An occupational health program will be implemented per AR 40–5, chapter 5, for all employees whose employment requires that they conduct duties in a BDP etiologic agent area. Essential elements of the program will include—

(a) Medical surveillance examinations. Medical examinations by a licensed medical doctor will be given prior to employment, at least every 3 years thereafter, and upon termination of duties requiring access to laboratories where etiologic agents are used. When full medical examinations are not given annually, health professionals will perform annual health screening. Safety and health professionals will ensure that medical examiners are made aware of all hazardous substances each employee works with at the time of the medical examination. The physician's findings will include assessment of whether an employee has any health condition that would preclude work with etiologic agents. If any of the findings obtained during the examination are outside the normal range, the employee's supervisor and the employee will be notified and counseled on the courses of action available. In addition, a safety and health audit will be conducted to identify any potential occupational causes for the abnormalities, and corrective measures will be taken if applicable.

(b) Serum samples. When appropriate, considering the agent(s) handled, baseline serum samples for laboratory and other at-risk personnel will be collected and stored for their biologically useful lifetime, but not longer than 40 years.
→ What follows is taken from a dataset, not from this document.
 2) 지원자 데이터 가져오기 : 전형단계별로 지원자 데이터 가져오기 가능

Additional serum specimens will be collected periodically, based upon the agents handled, or as required by participation in a special immunizations program. SOPs will be written detailing the collection procedures and periods if serum sampling is deemed necessary.

(c) Assignment of personnel. Personnel assigned duties in work areas where etiologic agents are used will be evaluated to determine their suitability for their assigned tasks by the installation medical authority. Only personnel who are physically and mentally capable of working in biocontainment areas (BL–3 and BL–4) or with toxins will be assigned to these duties.
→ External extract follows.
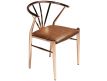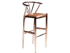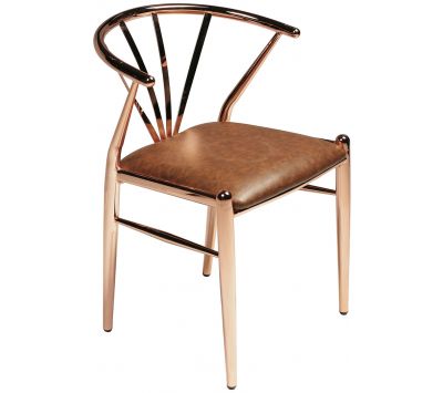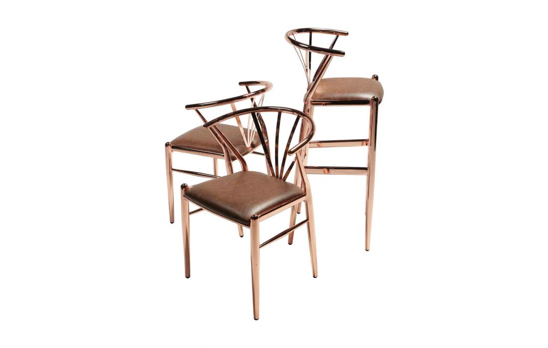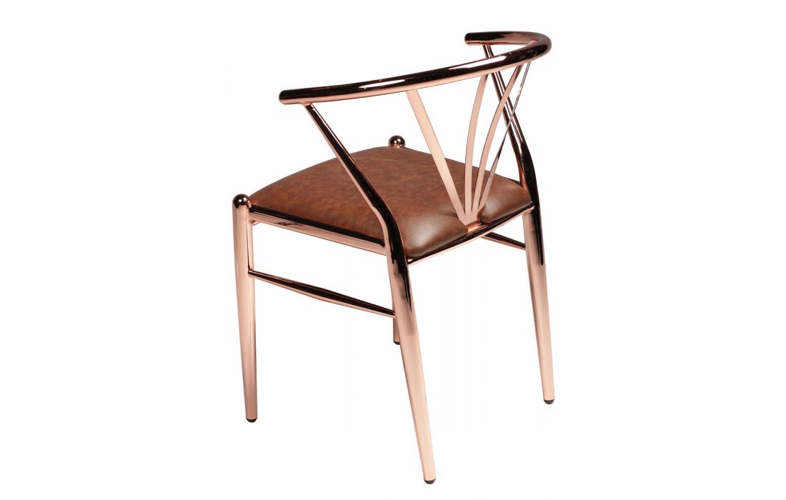 Cadeira com estrutura em metal cobre e estofo em pele sintética castanha

(d) Immunization of at-risk personnel. The guidelines for immunizations in the latest edition of the American College of Physicians' Guide for Adult Immunizations and recommendations of Health and Human Services (HHS) in publication number (NIH) 88–8395 shall be followed. A resource list for available immunizations for personnel at risk is given in appendix B of this part.
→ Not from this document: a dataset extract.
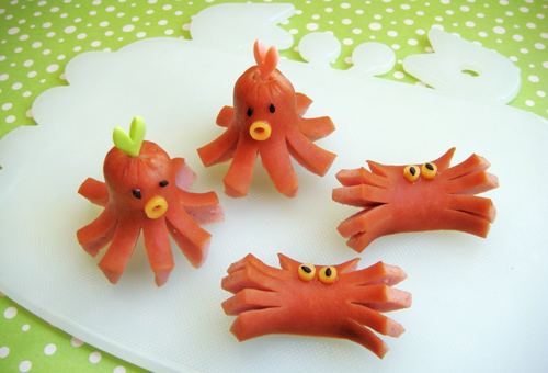 Ngoài hình hoa hồng, bạn còn có thể thử sức với các hình như bạch tuộc, hình trái tim hay những con vật ngộ nghĩnh. Ví dụ, khi tạo hình bạch tuộc, chỉ cần khứa vài đường dưới xúc xích để tạo chân và chiên chúng. Chắc chắn rằng trẻ sẽ thích thú khi thấy đĩa ăn của mình tràn đầy sắc màu và hình dáng đáng yêu như vậy!

(e) Reporting exposures. Spills and mishaps which result in observable, known or potential exposures to etiologic agents will be immediately reported to the supervisor, the safety officer, the responsible medical personnel, and the commander. Appropriate medical evaluation, surveillance, and treatment will be provided and written records of these occurrences will be maintained for 40 years. A Med-16 report will be initiated (see AR 40–400).

(f) Quarantine. When etiologic agents designated as BL–4 by the CDC-NIH in HHS publication no. (NIH) 88–8395, (or most recent edition) are handled, a facility for the quarantine, isolation, and medical care of personnel with potential or known laboratory-associated exposures will be available.

§ 627.9   Medical records.

Army activities will maintain medical records in accordance with AR 40–66 and FPM 293–31 for all military and Department of the Army (DA) civilian employees who work with etiologic agents under sponsorship of the BDP.